Taking Figure 2 as an example, the mobile terminal uses a graph splitting algorithm to cut the directed graph between the 8 operators to be executed according to the dependency relationship between the 8 operators to be executed, specifically: The first node is cut from the second node and the fifth node, and the eighth node of the directed graph is cut from the fourth node and the seventh node, thereby cutting into 4 directed subgraphs. Among them, the first node, the second node, the third node, the fourth node, the fifth node, the sixth node, the seventh node, and the eighth node of the directed graph correspond to the first operator, the second operator, and the first operator, respectively. Three operators, fourth operators, fifth operators, sixth operators, seventh operators, and eighth operators. The four directed subgraphs are the first directed subgraph, the second directed subgraph, the third directed subgraph, and the fourth directed subgraph. The first directed subgraph includes only the first node of the directed graph; the second directed subgraph includes the second node, the third node, the fourth node, the connecting line between the second node and the third node, and the third node. The connection line between the node and the fourth node; the third directed subgraph includes the fifth node, the sixth node, the seventh node, the connection line between the fifth node and the sixth node, the sixth node and the seventh node The connecting line between; the fourth directed subgraph includes only the eighth node of the directed graph. Among them, the first directed subgraph has a dependency relationship with the second directed subgraph and the third directed subgraph, and the fourth directed subgraph has a dependency relation with the second directed subgraph and the third directed subgraph. The second directed subgraph and the third directed subgraph are independent of each other.

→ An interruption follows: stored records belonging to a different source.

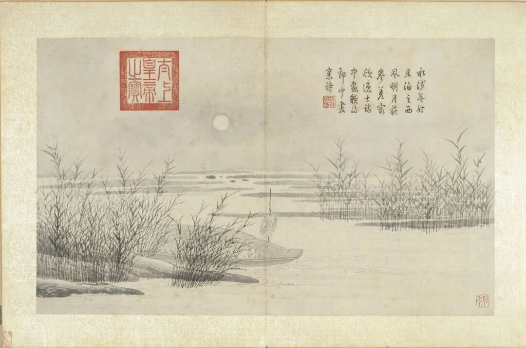 平湖寂然,芦荻成墙,锋叶交错,风迹未起。中流短艇,篷低覆身,孤樯系帚,圆月淡白,照入波纹。远洲横线,沙汀层叠,水天一色。左岸芦丛渐密,根脚没水,墨花点点;右畔疏列,空明开阔。渔人偃卧篷内,衣被不动,似守潮声。全幅静气若冰,秋意入骨,清寒漫纸,江南夜色深沉。大玺压天,红光照灰,画心顿生雄韵。浅沙隐现,横汀断续,蒲苇相依,露气浮白。遥天无云,冷色漫漫,水鸟不飞,渔火未起,静到可闻桂魄沉光。
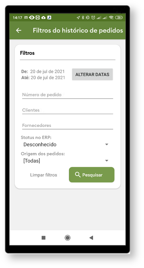 Ao clicar em Histórico de Pedidos, abrirá uma nova tela solicitando que seja selecionado o período que deseja pesquisar os pedidos. Ao clicar em Pesquisar já serão emitidos os pedidos na tela.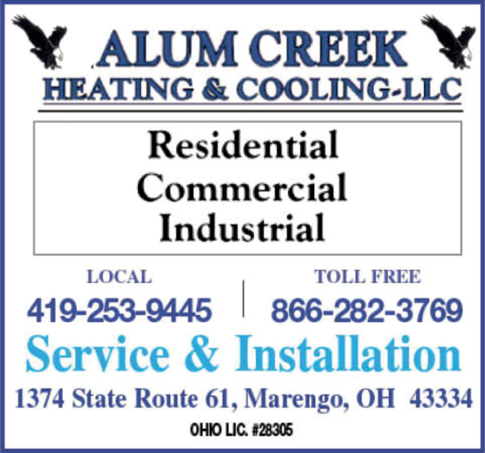Ads for Alum Creek Heating & Cooling LLC in Marengo, OH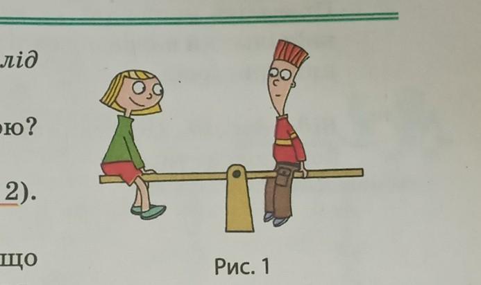 З рисунку видно, що важіль зрівноважений, а вага сили тяжіння дівчинки більше за вагу сили тяжіння хлопчика, тобто моменти їхніх сил однакові, а отже сила тяжіння дівчинки менша за силу тяжіння хлопчика. Отже і маса дівчинки менша за масу хлопчика.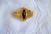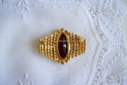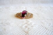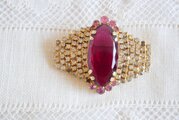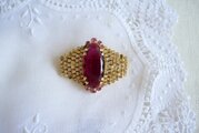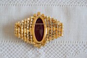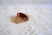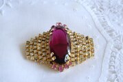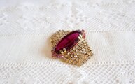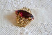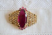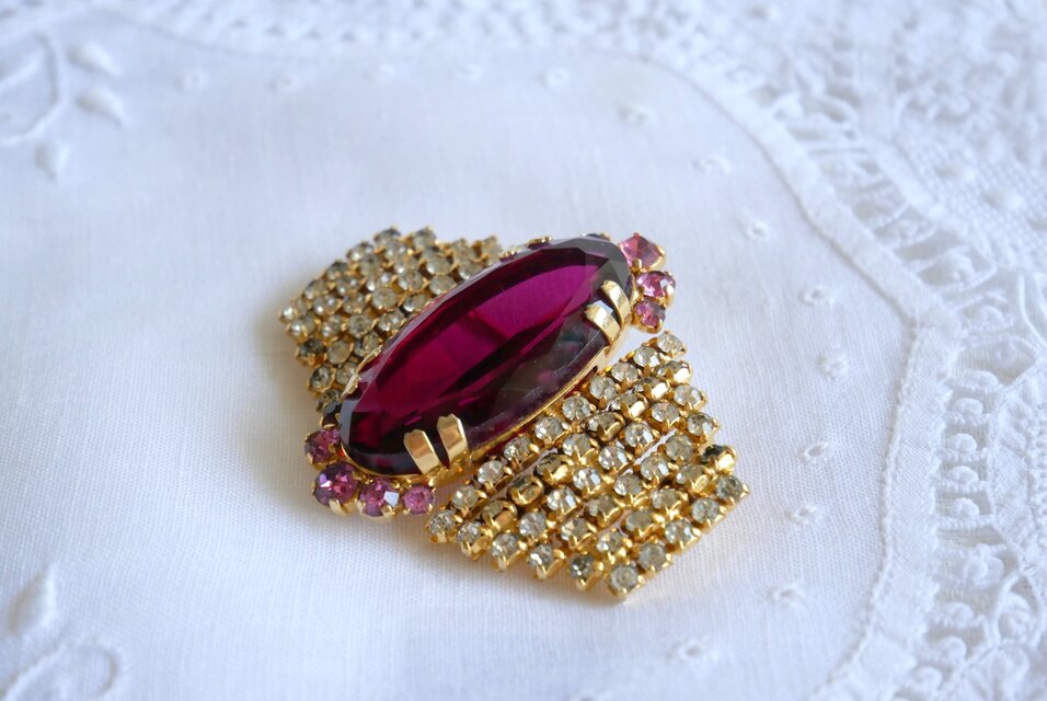 モーブ色のオーバル型 ラインストーン飾り ブローチ

In the embodiment of the present application, the dependency relationship of the operators that need to be executed in the inference process of the neural network model is first calculated, and the operators to be executed are cut according to the dependency relationship. When the set of N operators obtained by the cut are independent of each other When the operator set is enabled, N threads are enabled to perform calculations on the operators in the N operator sets, and N threads can be enabled to calculate the operators in the N operator sets at the same time, which can improve the speed of neural network calculations , Thereby reducing the reasoning time of the neural network.

Please refer to FIG. 3. FIG. 3 is a schematic flowchart of another neural network calculation method based on a neural network algorithm framework disclosed in an embodiment of the present application. FIG. 3 is further optimized on the basis of FIG. 1. As shown in Figure 3, the neural network calculation method based on the neural network algorithm framework includes the following steps.

301. The mobile terminal obtains M to-be-executed operators, and calculates the dependency between the M to-be-executed operators, where N is an integer greater than or equal to 2.

302. The mobile terminal cuts the M to-be-executed operators according to the dependency between the M to-be-executed operators to obtain N operator sets, and each of the N operator sets includes at least 1 operator. Sub, N is an integer greater than or equal to 2.

303. If the N operator sets are mutually independent operator sets, the mobile terminal activates N threads to calculate operators in the N operator sets respectively.

For the specific implementation of step 301 to step 303 in the embodiment of the present application, reference may be made to the specific description of step 101 to step 103 shown in FIG. 1, which will not be repeated here.

304. If the N operator sets are not mutually independent operator sets, the mobile terminal adopts the forward and reverse alternating iterative scheduling algorithm to determine that the operator sums need to be executed in parallel among the N operator sets according to the dependency between the N operator sets. Need to execute operators serially.

305. The mobile terminal determines the execution order of the operators that need to be executed in parallel and the operators that need to be executed in series, and schedules the operators that need to be executed in parallel and the operators that need to be executed in series among the N operator sets for calculation.

In the embodiment of the present application, the forward and reverse alternate iterative scheduling algorithm, also known as the CAP-FB algorithm, is a node scheduling algorithm. The embodiment of the present application provides a node scheduling scheme so that the parallel execution time of operators is shorter and can improve The parallel execution speed of operators increases the speed of neural network calculations, thereby reducing the inference time of neural networks.

Figure 2 is used below to illustrate the need for parallel execution of operators and serial execution of operators in the N operator sets. In Figure 2, the first operator set includes the first operator, the second operator set includes the second operator, the third operator, and the fourth operator, and the third operator set includes the fifth operator and the sixth operator. The seventh operator, the fourth operator set includes the eighth operator. The order of execution among the eight operators is as follows: execute the first operator first, after the first operator is executed, execute the second and fifth operators in parallel; after the second operator is executed, execute the third operator Operator, after executing the third operator, execute the fourth operator; after executing the fifth operator, execute the sixth operator, after executing the sixth operator, execute the seventh operator; execute the fourth operator After the seventh operator and the seventh operator, the eighth operator is finally executed. Among them, the operators that need to be executed in series are the first operator set and the fourth operator set, and the operators that need to be executed in parallel are the second operator set and the third operator set.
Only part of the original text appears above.